I really was hoping that you would ask that question ... although the answer involves some higher mathematics ...and would bore the pants off most of our colleagues ..

Reminds me of two questions posed in my undergrad years in similar vein but which took a lengthy solution to get a tick ...

(a) my fluid mech lecturer posed the following tutorial question along the lines of .. a wartime submarine is disabled on the bottom (lots of data about the sub and depths etc ..) .. how do we get the guys out and to the surface without any third party assistance. The typical answer rambled on via several reams of paper, numerous sums and suchlike ... and, at the end, I penned an impertinent comment to the effect that they would be dead during the ascent anyway due to the depth and other factors ... it was a little embarassing when I got the marked paper back and found his comment "I'm not".

(b) the same guy, in the final exam posed this question. (Background, the old PNR building at SU had a lovely old spiral staircase going up however many floors) .... should the tea lady, having made the tea on the ground floor and put in the sugar ... stir it ... or just walk up the stairs to the top floor .... that answer went on and on also ....

However ... I reminisce and digress ... as usual ..

KillKenny
15th Feb 2002, 14:02
Thanks for all your responses guys. Original post was made in moment of idiocy.

john_tullamarine
15th Feb 2002, 14:14
Do be relaxed KK ... we all have our moments ...

Keith.Williams.
16th Feb 2002, 16:44
KK,

Your question is not a sign of lunacy; it's just an attempt to explore the bounds of the equation.

To illustrate my point that it is only good for rate 1 turns, I have run the shortcut equation and a more accurate one through a spreadsheet. The results were as follows:

Comparing the results for Rate 1 turns at various speeds

TAS TAN AOB = TAS x ROT AOB = (TAS/10)+7 . .(Kts) g . . Error . .180 Kts, 26 actual AOB, 25 prediected, -1 error. .200 Kts, 28.4 actual AOB, 27 predicted, -1.4 error. .250 Kts, 34.1 actiual AOB,32 predicted, -2.1 error. .300 Kts, 39 actual AOB, 37 predicted, -2 error . .350 Kts, 43.4 actual AOB, 42 predicted, -1.4 error. .400 Kts, 47.2 actual AOB, 47 [redicted, -0.2 error. .450 Kts, 50.6 actual AOB, 52 predicted, +1.4 error. .500 Kts, 53.5 actual AOB, 57 predicted, +3.5 error. .550 Kts, 56.1 actual AOB, 62 predicted, 5.9 error. .600 Kts, 58.4 actual AOB, 67 predicted, 8.6 error

This shows that the shortcut equation is reasonably accurate throughout a fairly wide speed range.

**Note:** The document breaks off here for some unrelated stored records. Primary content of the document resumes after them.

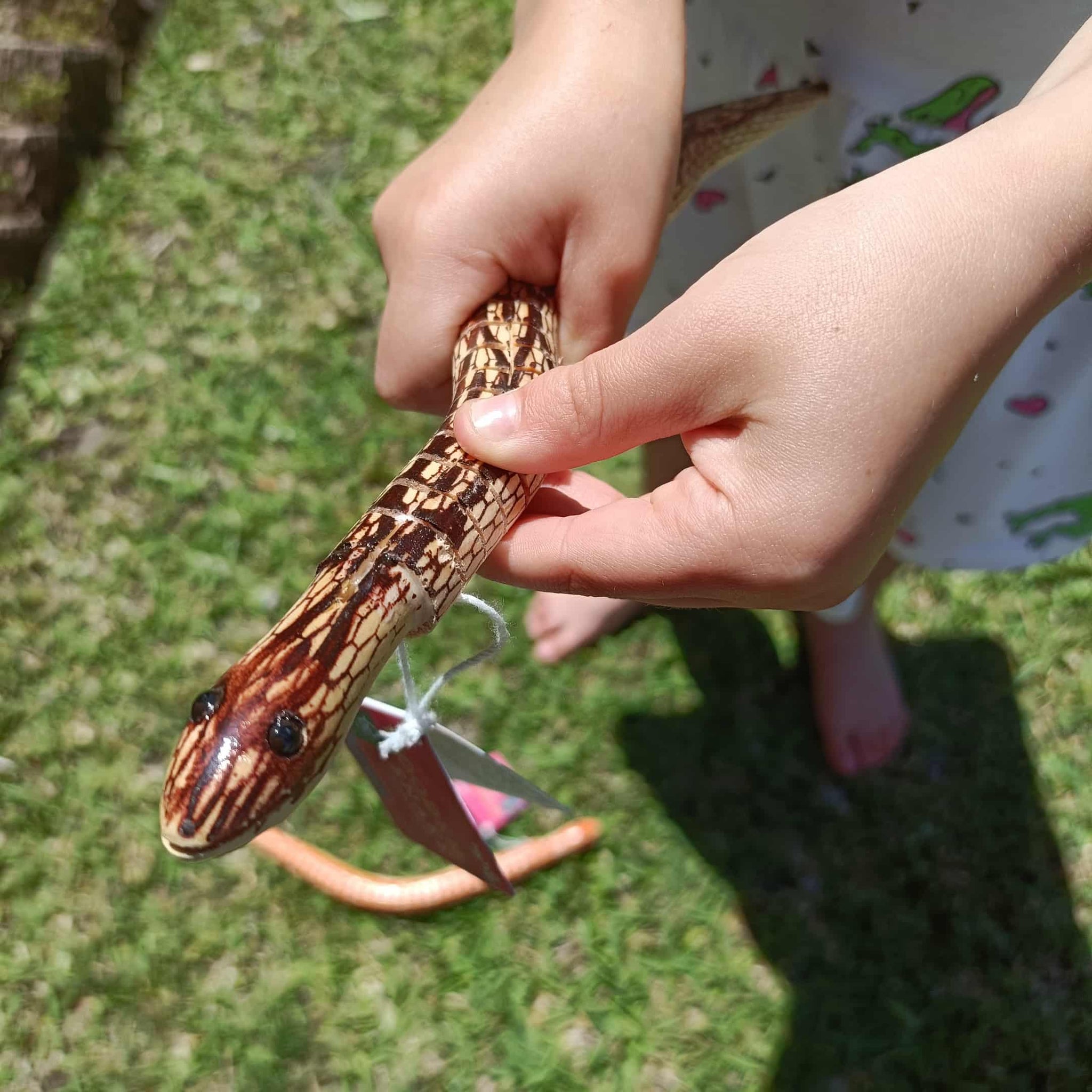 This traditional wooden snake toy is a perfect vintage toy or gift! Body is cleverly articulated which allows it to slither much like a real snake.
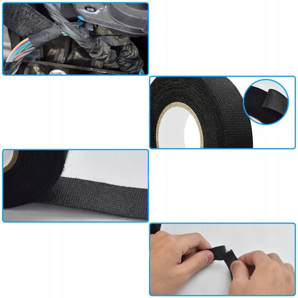 5X Кабельная клейкая лента 25м х 19мм черная автомобильная
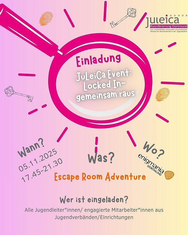 Habt ihr Lust, spannende Rätsel zu lösen? Als Dankeschön für euer Engagement laden wir euch herzlich ein, in den Escaperooms von Enigmania Dortmund gemeinsam den Dingen auf die Spur zu kommen. Im Anschluss können wir gemeinsam in der Geschäftsstelle des Jugendring bei einem kleinen Imbiss den Abend gemütlich ausklingen lassen. Seid dabei. Weitere Infos findet ihr hier.
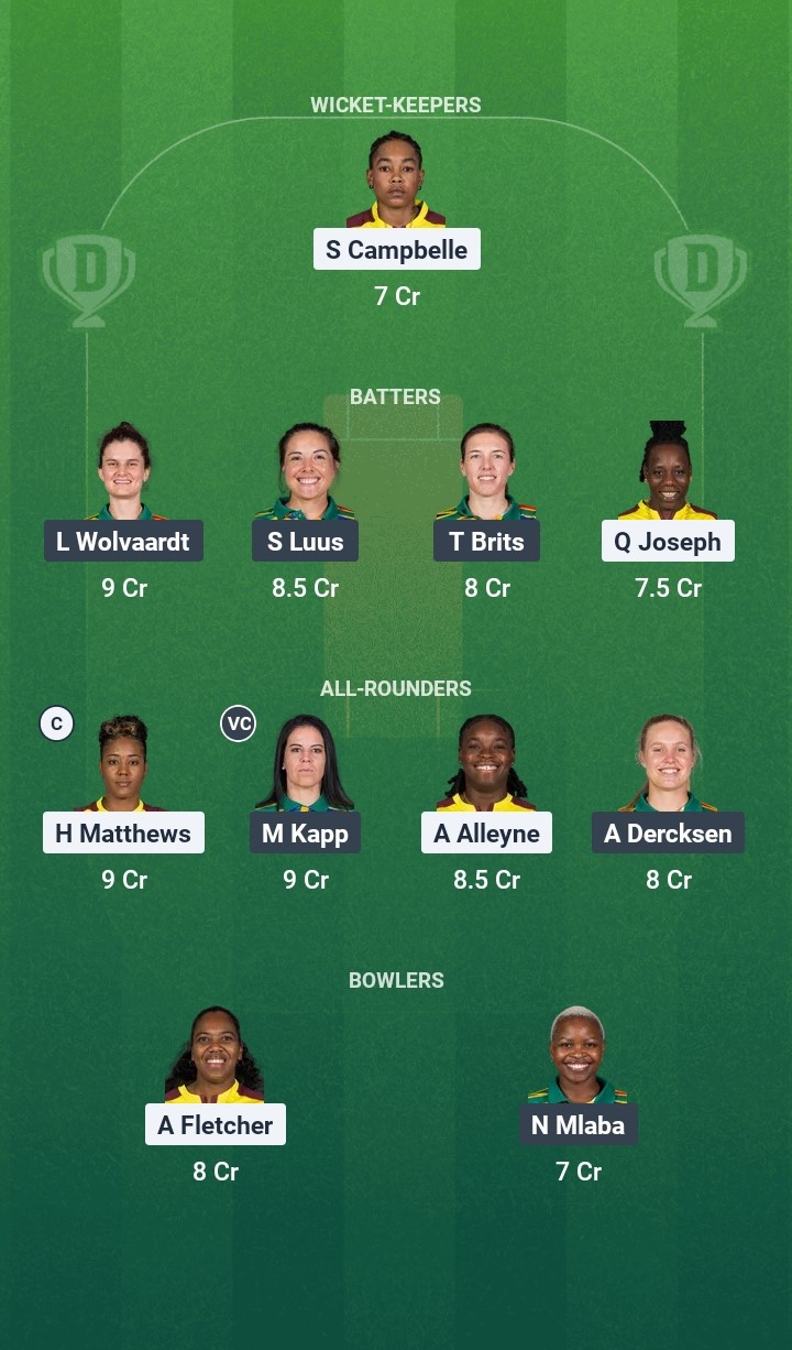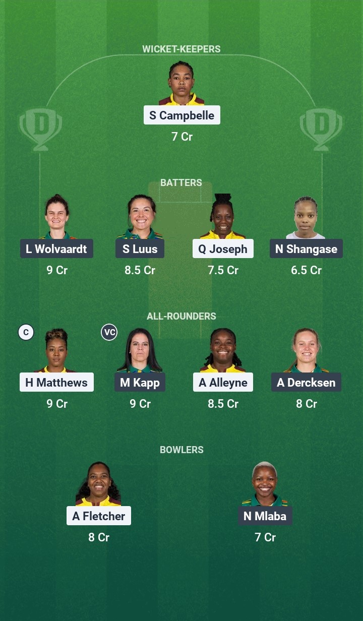 The best all-rounders playing in this contest are the West Indies skipper Hayley Matthews, Marizanne Kapp, and Nadine de Klerk. Some other good ones are Chloe Tryon, Aaliyah Alleyne, Annerie Dercksen, and Chinelle Henry.
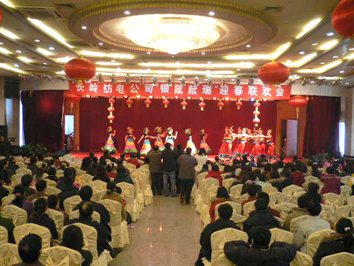 1月31日,公司在萬利大酒店舉行了“銀鼠獻(xiàn)瑞”迎春聯(lián)歡會(huì)。寶雞市國(guó)資委主任袁軍曉,長(zhǎng)嶺各兄弟單位領(lǐng)導(dǎo),紡電老領(lǐng)導(dǎo)、老專家李友仁、曾明高,紡電公司500多名員工及家屬齊聚聯(lián)歡會(huì)。聯(lián)歡會(huì)現(xiàn)場(chǎng)張燈結(jié)彩,喜氣洋洋,洋溢著濃濃的節(jié)日氣氛。
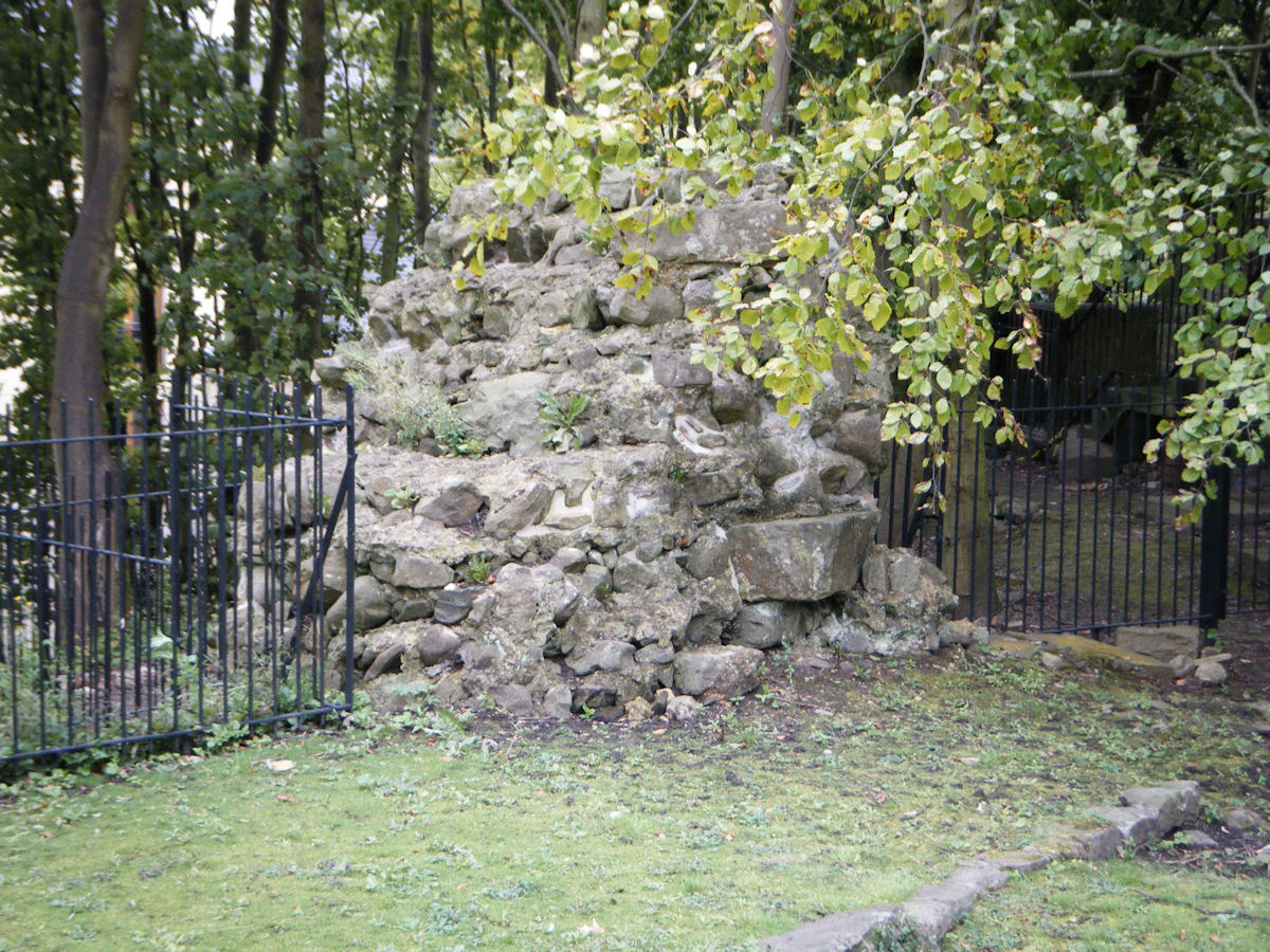 The Wery Wall is a surviving fragment of Roman walling on the east slope of Castle Hill adjacent to the rear of Mitre House. It measures 4.0m by 3.0m by 3.0m high and is situated on a very steep bank running north south. Only the rubble core of the wall remains, with no facing stones. Historical documents suggest that there was considerably more of this wall in existence in the 18th century, but its full course cannot now be traced. The remains represent a section of a bastion of the last Roman fort on the site, which probably dates to the fourth century.

. .Comparing results for various rates of turn at 250 Kts TAS.

Turn rate TANAOB = TAS x ROT AOB=((N xTAS)/10)+7 (N) g . . . .Rate 0.5, 18.8 actual,19.5 predicted, 0.7 error. .Rate 1.0, 34.1 actual, 32 predicted, -2.1 error. .Rate 1.5, 44.6 actual, 44.5 predicted, -0.1 error. .Rate 2.0, 53.7 actual, 57 predicted, 3.3 error. .Rate 2.5, 59.6 actual, 69.5 predicted, 9.9 error. .Rate 3.0, 63.9 actual, 82 predicted, 18.1 error. .Rate 3.5, 67.2 actual, 94.5 predicted, 27.3 error. .Rate 4.0, 69.8 actual, 107 predicted, 37.2 error

The shortcut equation is reasonably accurate only within a very narrow band (up to rate 2 turn), and then quickly diverges such that its results are nonsensical (more than 90 degrees AOB) at rate 3.5 and above.

. .CAT DRIVER,

Your problem is a bit more complicated.

First, we need to know the rate at which heat is put into the system. This is unlikely to be a linear function, because it will be proportional to the hump rate. So let's use the derivative dh/dHR.

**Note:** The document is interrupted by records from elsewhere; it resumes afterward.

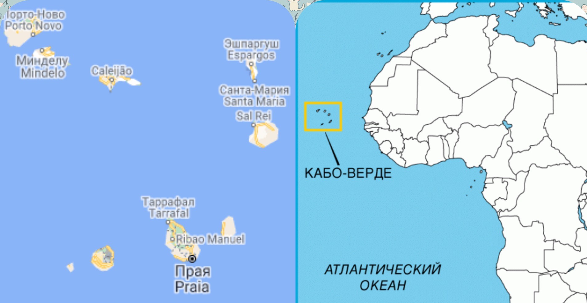 Столица Кабо-Верде - Прая. Наивысшая точка страны - вулкан Фогу (2829 метров), последнее извержение которого произошло 23 ноября 2014 года. В результате этого местные власти закрывали аэропорт и эвакуировали местных жителей.
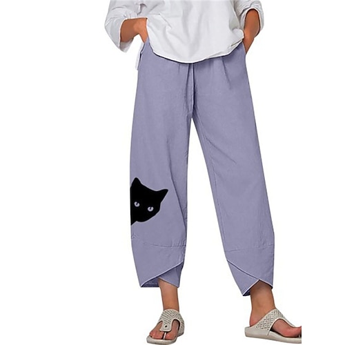 Per donna Misto cotone Pantaloni in cotone e lino Chinos Streetwear Semplice Casual Lunghezza alla caviglia Misura del girovita medio Gatto Baggy Stampato Morbido All'aperto Confortevole
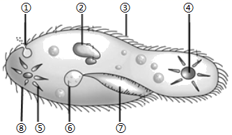 (3)草履蟲攝取的食物由[⑦]進入體內,形成[⑥],隨著細胞質流動,其中的食物逐漸消化。
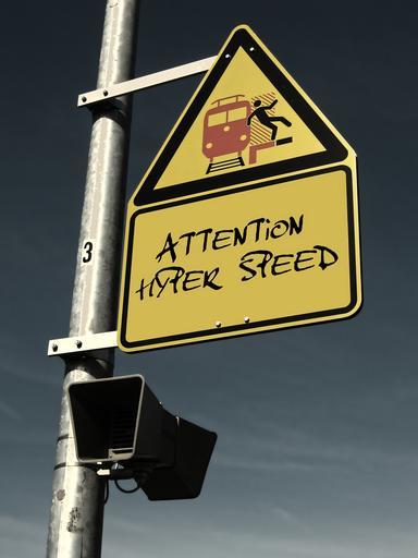 Keywords: platform note shield sign warning security speakers announcement information communication suicide warning sign risk train speed high speed rail traffic warnschild railway
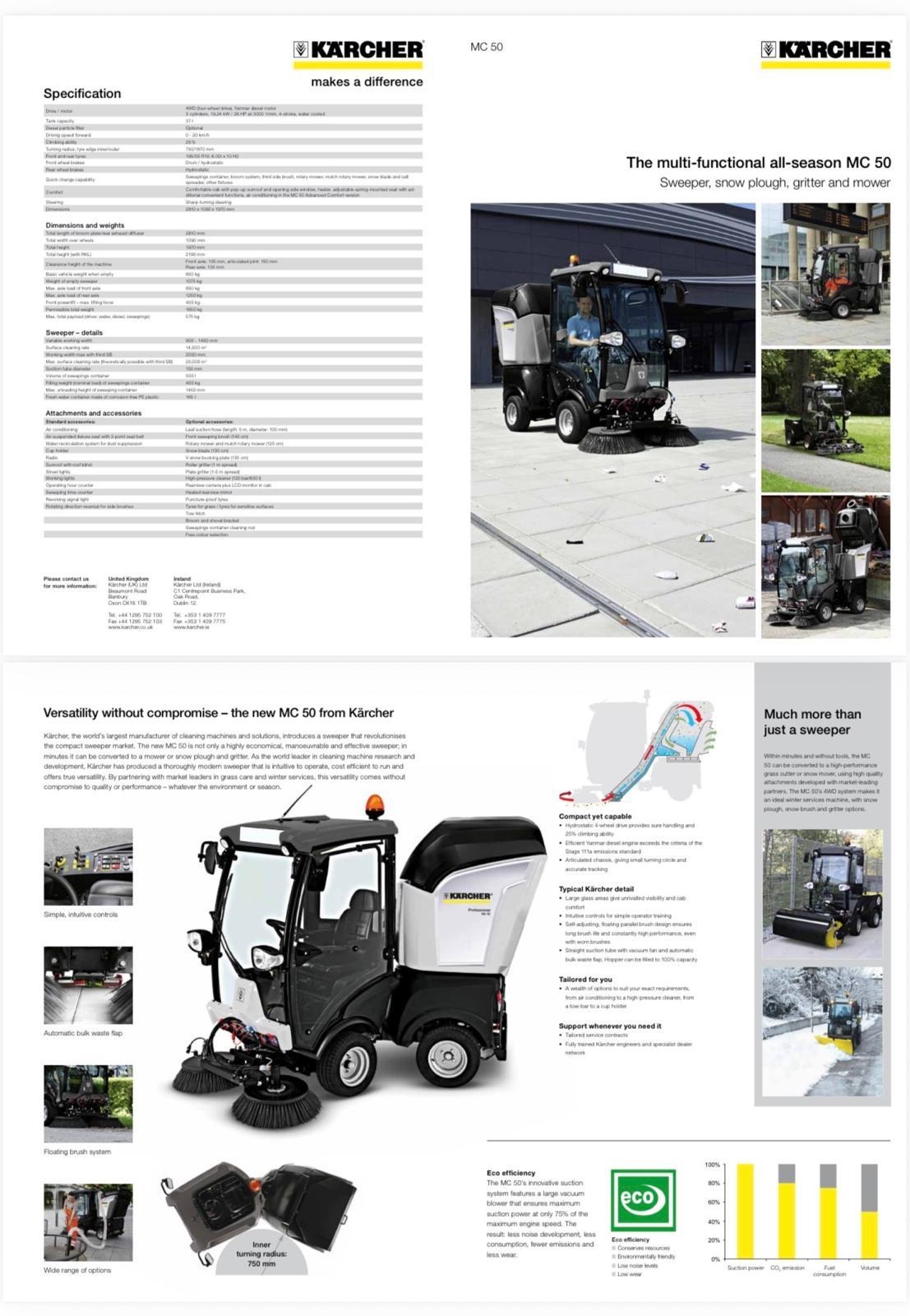 Endüstriyel ve kentsel temizlik ihtiyaçlarına yönelik yüksek performans sunan Kärcher MC 50 süpürge araçlarımız satışa sunulmuştur. Fabrikalar, siteler, oteller ve belediyeler için ideal kullanım imkânı sağlayan bu makineler, kompakt yapısı ve güçlü temizlik performansı ile öne çıkmaktadır.

However, hump rate is not likely to be constant either. For very young dogs, it will increase rapidly, whereas for very old dogs it will quickly subside. To account for this we require another derivative, dHR/D ageofdedog.

Next we need to consider the rate at which the system cools due to the escape of heat. Once again, it will not be linear so we need to use the derivative dc/dt.

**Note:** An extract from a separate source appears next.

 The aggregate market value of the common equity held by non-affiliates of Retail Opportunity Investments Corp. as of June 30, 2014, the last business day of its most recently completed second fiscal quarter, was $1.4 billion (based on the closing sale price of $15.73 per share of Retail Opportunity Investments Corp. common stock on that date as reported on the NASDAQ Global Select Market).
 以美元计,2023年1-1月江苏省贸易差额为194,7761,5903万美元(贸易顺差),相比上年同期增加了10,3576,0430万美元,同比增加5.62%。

Therefore, we now have an equation something like:

Temperature = dh/DHR . dHR/D agededog . dc/dt

Then of course we need to consider the quantity of water in the system. The problem here is that however much we might try to maintain constant experimental conditions, it is inevitable that someone will come along and take out some of the water.

This phenomenon is admirably illustrated by JT's conundrum about the sunken submarine. For some desperate people extracting water is the only way to get it up!!

Is this perhaps the problem you really wanted to share with us?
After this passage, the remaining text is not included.